The Day

4.6K 307 19
                                    

Memutuskan untuk tidak mencintai lelaki manapun sebelum waktu yang Allah tentukan, membuat Shafa kebal pada segala upaya laki-laki yang mendekat tanpa nyali yang kuat untuk berkomitmen.

Hal tersebut membuatnya mengukuhkan diri dan hatinya hanya pada siapa yang akan menjadi suaminya, lelaki yang berani mengikatnya dengan ijab qabul. Sekalipun bukan cinta yang bisa Shafa jaminkan di perjumpaan pertama setelah halal. Tapi Shafa sudah menundukkan seluruh baktinya.

Ijab qabul, prosesi yang beberapa detik lalu dilaluinya. Semula, ia mengira akan tumbang dan tak mampu menjadi saksi dengar ijab qabul yang dilafalkan suara berat yang kini menjadi suaminya. Suara bergetar Hassan selaku walinya pun tak serta merta menarik fokusnya dan lupa pada segala rasa sedih, sepi dan tegang yang mengaduk seluruh hati dan pikirannya.

Saking antusiasnya mendengar dalam jarak terdekat, kakak ipar dan sahabat-sahabatnya memilih merapat ke ruang tengah, berbaur dengan tamu perempuan dan memasang telinga, melupakan Shafa di kamar tamu yang sudah disulap menjadi kamar pengantin bernuansa putih dan beraroma mawar kesukaannya. Meninggalkan Shafa sendirian yang sibuk merindukan sosok ibu untuk sekedar mengelus punggungnya.

Nyaris runtuh pertahanannya kalau semenit sebelum ijab qabul seorang sosok teduh dengan garis-garis ayu yang tidak dapat ditutupi dengan kerutan sekalipun tidak masuk ke dalam kamarnya, memeluknya. Rasa-rasanya, pelukan seperti itu adalah pelukan yang sama hangatnya dengan pelukan ibunya.

"Sudah... sudah. Jangan menangis lagi. Masa pengantin matanya bengkak."

Bukannya berhenti, air mata Shafa malah tak tahu diri dan terus mengalir. Ia sendiri masih bingung, perasaan seperti apa yang sebenarnya berkecamuk di pikirannya. Sementara sosok lembut di depannya sudah beberapa kali mengusap lelehan air matanya.

"Te-terima kasih sudah ada di sini, Bu." Terbata Shafa berujar, sekalipun air matanya sudah mampu ia bendung, tapi isaknya masih bersisa.

"Kamu boleh memanggilku mama Ami.
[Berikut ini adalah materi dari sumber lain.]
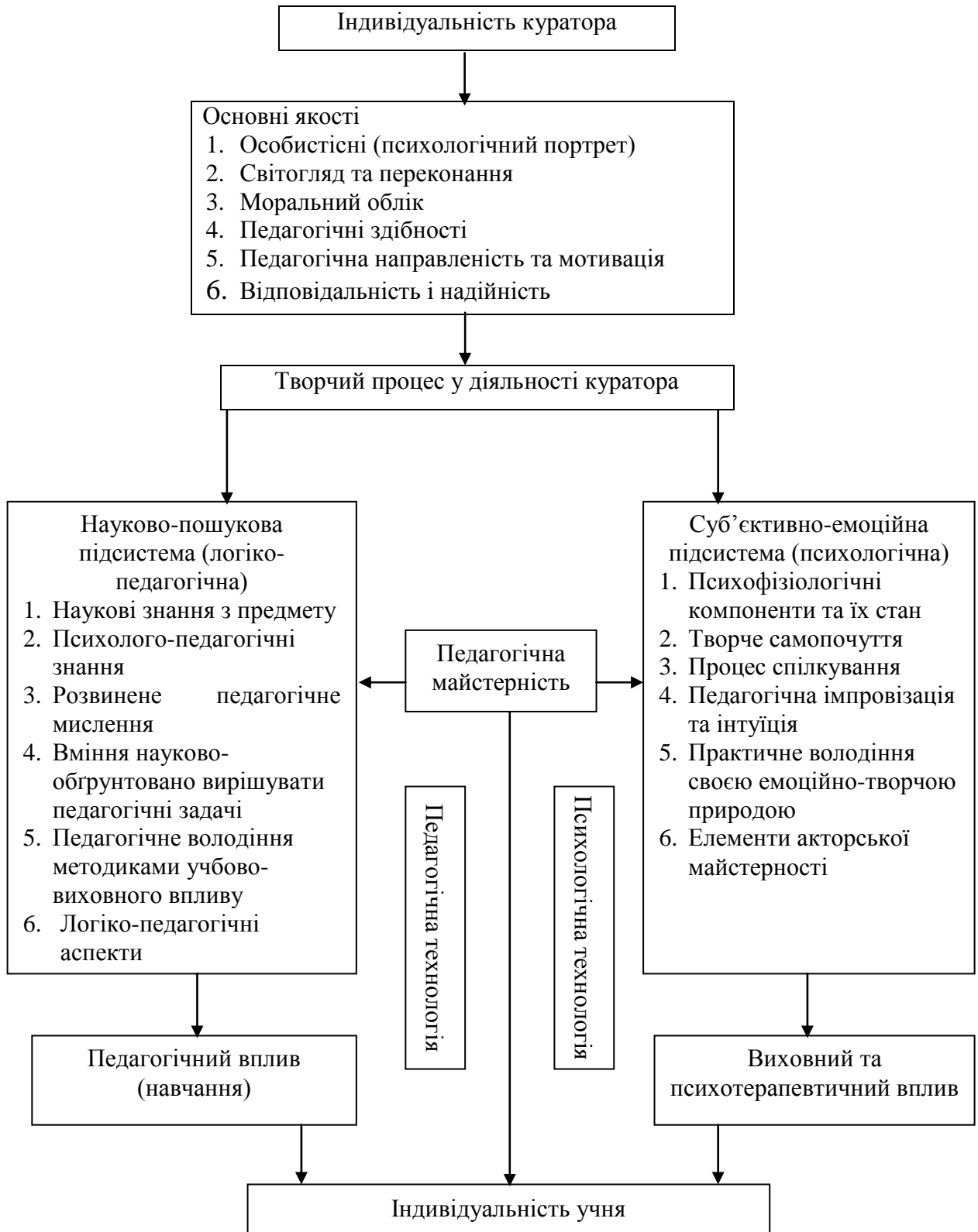
Рисунок 2.А. – Психологічна модель творчого процесу в діяльності куратора.

Atau mama, seperti Adam memanggilku. Sekarang aku pun mamamu, jangan sungkan lagi. Oke?"

Kalau melati menggambarkan kelembutan, suci dan polos. Maka ketika melihat mertuanya, Shafa seperti melihat bunga matahari, cantik, cerah, segar dan menarik. Tersedot pesona mertuanya, Shafa mengangguk manut sebelum kemudian mereka berangkulan sebentar.

"Papa sudah meninggal setahun lalu. Kalau anak mama, bocah laki-laki tua itu menyakitimu. Laporkan pada mama. Biar mama yang eksekusi."

Shafa terkekeh mendengar perintah konyol mertuanya. Lupa dengan air mata yang tadinya berurai.

"Kamu harus sabar, anak mama itu mirip papanya, dingin, kayak beruang kutub masuk freezer."

Hampir saja Shafa tergelak dengan tawanya kalau saja ketukan di pintu tidak menginterupsinya.

Tok tok tok.
Lagi. Pintu diketuk pelan. "De, ini Abang."

Shafa sedikit terkesiap. "Masuk, Bang."

Pintu dibuka, Hassan menyembul dari luar, ada ekspresi kelegaan dan bekas air mata haru di wajahnya. Sebelah tangannya membawa sebuah map batik. Senyum santun Hassan lepaskan melihat mertua Shafa, mama Ami. Kemudian ekor matanya kembali ke Shafa. "Ini berkas yang harus kamu tandatangani."

Shafa mengangguk, kemudian beranjak menghampiri Hassan, menandatangani berkas sesuai arahan abangnya kemudian mengulurkannya kembali. Bukannya berbalik, Hassan justru meraih Shafa dalam dekapannya. "Berjanjilah untuk abang, kamu akan bahagia."

Shafa mengangguk dalam pelukan Hassan. "InsyaAllah, Bang."